═══ Data extracts ═══

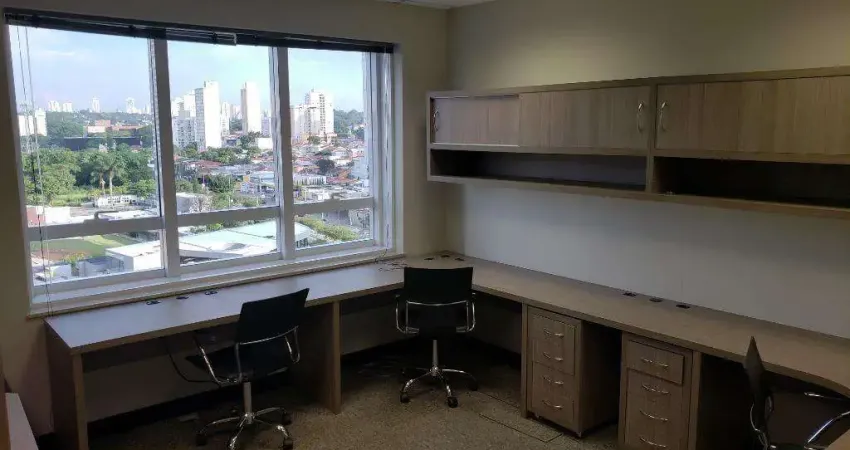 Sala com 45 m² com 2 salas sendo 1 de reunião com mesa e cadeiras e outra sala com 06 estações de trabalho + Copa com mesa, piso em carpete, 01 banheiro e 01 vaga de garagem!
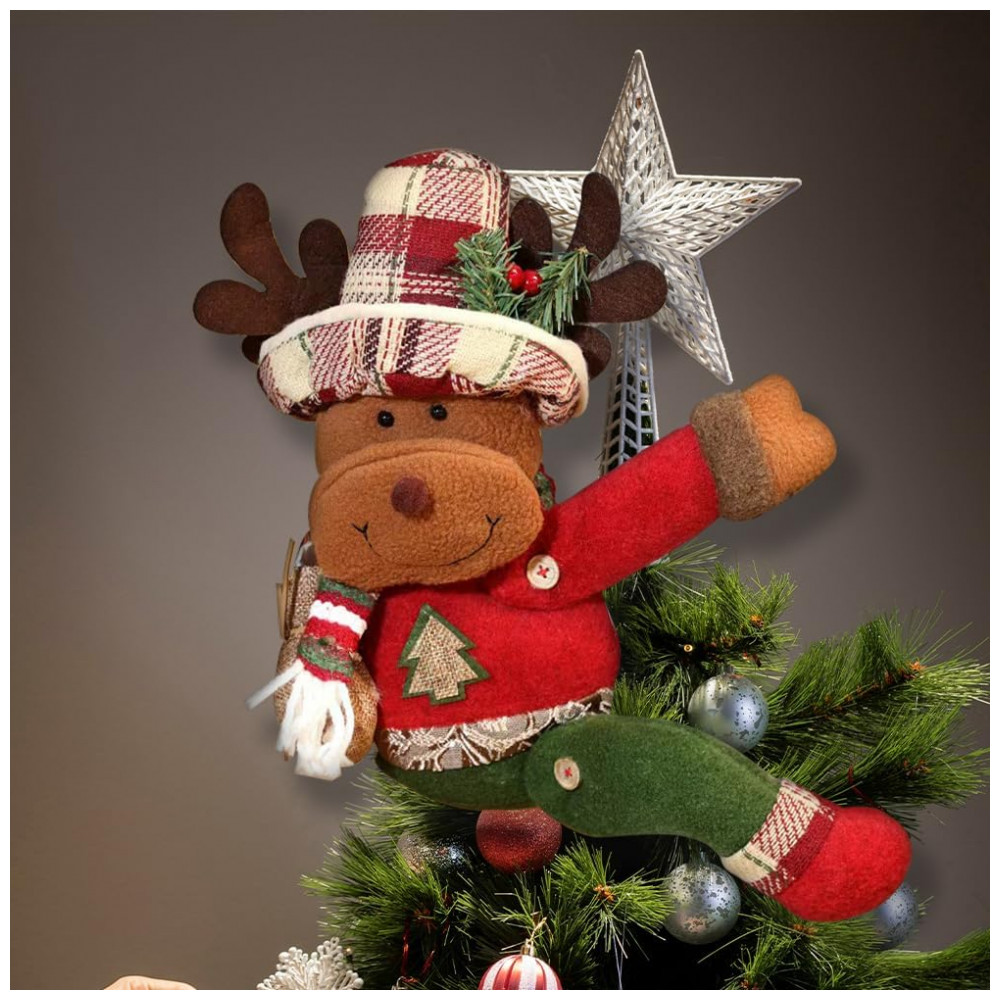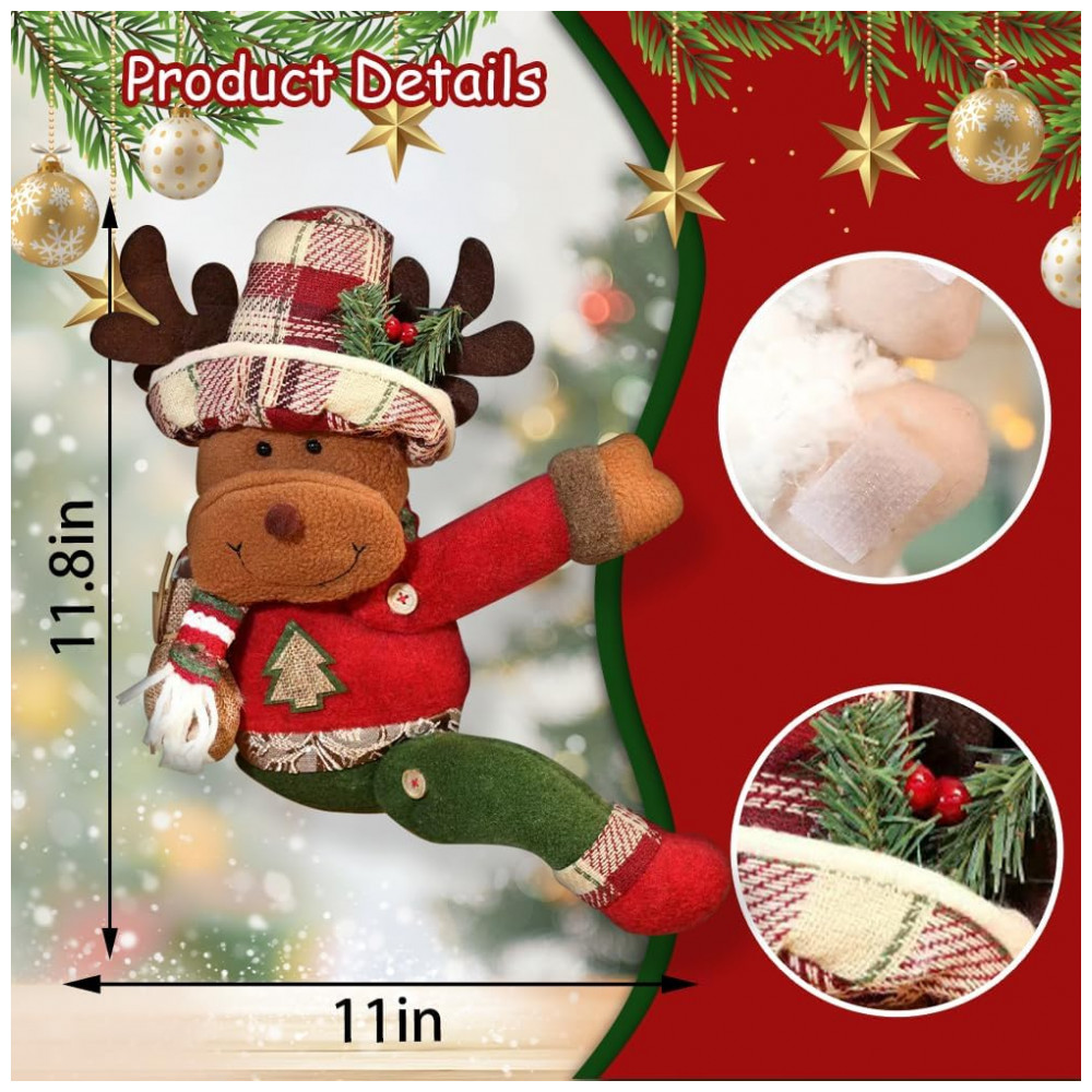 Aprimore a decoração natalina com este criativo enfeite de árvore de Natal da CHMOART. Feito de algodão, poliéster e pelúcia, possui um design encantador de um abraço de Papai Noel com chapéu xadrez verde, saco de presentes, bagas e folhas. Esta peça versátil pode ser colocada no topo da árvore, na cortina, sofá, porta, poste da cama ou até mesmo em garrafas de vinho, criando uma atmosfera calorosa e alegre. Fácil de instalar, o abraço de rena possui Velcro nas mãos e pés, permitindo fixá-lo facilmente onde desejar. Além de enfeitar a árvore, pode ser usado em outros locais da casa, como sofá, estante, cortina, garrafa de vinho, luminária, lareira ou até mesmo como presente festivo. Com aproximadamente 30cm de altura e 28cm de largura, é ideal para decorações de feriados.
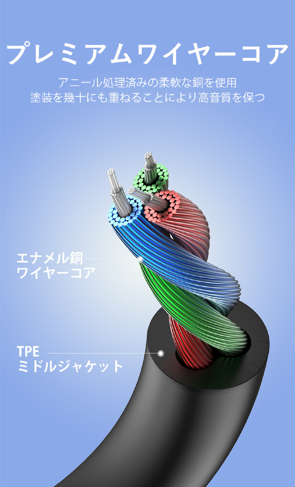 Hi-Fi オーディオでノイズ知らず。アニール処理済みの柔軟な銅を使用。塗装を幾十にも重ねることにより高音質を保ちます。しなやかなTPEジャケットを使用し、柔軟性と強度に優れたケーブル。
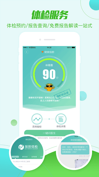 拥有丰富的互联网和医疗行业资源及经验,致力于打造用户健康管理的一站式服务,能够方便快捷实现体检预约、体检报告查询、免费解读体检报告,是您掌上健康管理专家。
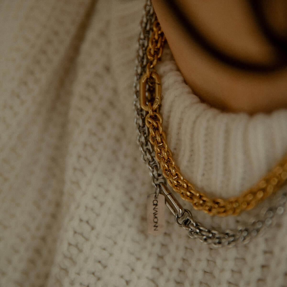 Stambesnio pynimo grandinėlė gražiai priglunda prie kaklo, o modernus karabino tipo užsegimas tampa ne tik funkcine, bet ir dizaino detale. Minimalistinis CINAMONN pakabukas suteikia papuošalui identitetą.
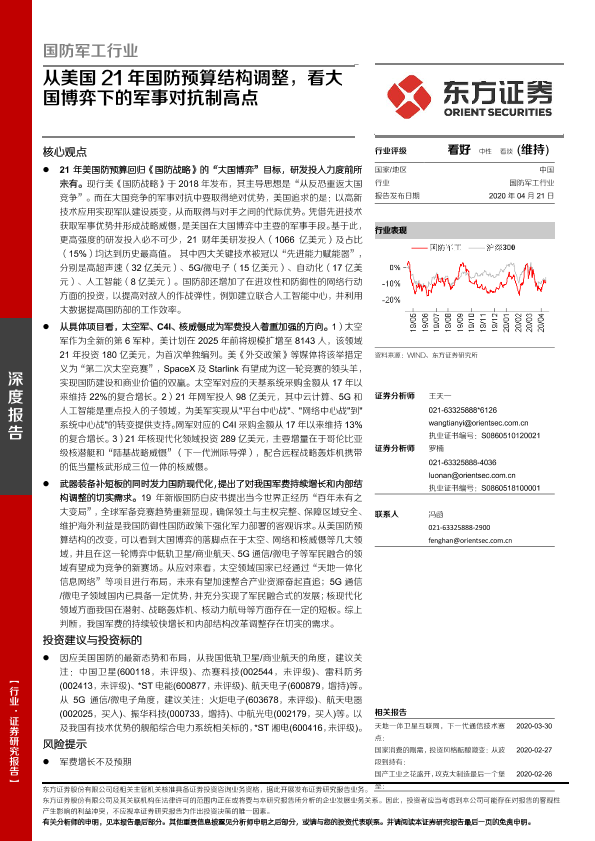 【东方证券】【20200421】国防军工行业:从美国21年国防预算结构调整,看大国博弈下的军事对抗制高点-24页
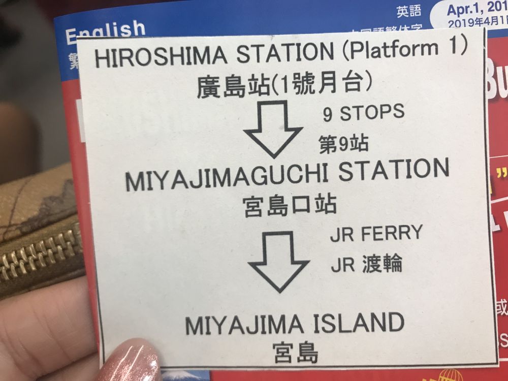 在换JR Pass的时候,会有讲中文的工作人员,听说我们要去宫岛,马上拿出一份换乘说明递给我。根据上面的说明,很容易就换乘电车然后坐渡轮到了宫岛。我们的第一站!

═══

Your objective>
The data should be printed again unchanged; leave its pictures out.

Your response>
 Sala com 45 m² com 2 salas sendo 1 de reunião com mesa e cadeiras e outra sala com 06 estações de trabalho + Copa com mesa, piso em carpete, 01 banheiro e 01 vaga de garagem!
 Aprimore a decoração natalina com este criativo enfeite de árvore de Natal da CHMOART. Feito de algodão, poliéster e pelúcia, possui um design encantador de um abraço de Papai Noel com chapéu xadrez verde, saco de presentes, bagas e folhas. Esta peça versátil pode ser colocada no topo da árvore, na cortina, sofá, porta, poste da cama ou até mesmo em garrafas de vinho, criando uma atmosfera calorosa e alegre. Fácil de instalar, o abraço de rena possui Velcro nas mãos e pés, permitindo fixá-lo facilmente onde desejar. Além de enfeitar a árvore, pode ser usado em outros locais da casa, como sofá, estante, cortina, garrafa de vinho, luminária, lareira ou até mesmo como presente festivo. Com aproximadamente 30cm de altura e 28cm de largura, é ideal para decorações de feriados.
 Hi-Fi オーディオでノイズ知らず。アニール処理済みの柔軟な銅を使用。塗装を幾十にも重ねることにより高音質を保ちます。しなやかなTPEジャケットを使用し、柔軟性と強度に優れたケーブル。
 拥有丰富的互联网和医疗行业资源及经验,致力于打造用户健康管理的一站式服务,能够方便快捷实现体检预约、体检报告查询、免费解读体检报告,是您掌上健康管理专家。
 Stambesnio pynimo grandinėlė gražiai priglunda prie kaklo, o modernus karabino tipo užsegimas tampa ne tik funkcine, bet ir dizaino detale. Minimalistinis CINAMONN pakabukas suteikia papuošalui identitetą.
 【东方证券】【20200421】国防军工行业:从美国21年国防预算结构调整,看大国博弈下的军事对抗制高点-24页
 在换JR Pass的时候,会有讲中文的工作人员,听说我们要去宫岛,马上拿出一份换乘说明递给我。根据上面的说明,很容易就换乘电车然后坐渡轮到了宫岛。我们的第一站!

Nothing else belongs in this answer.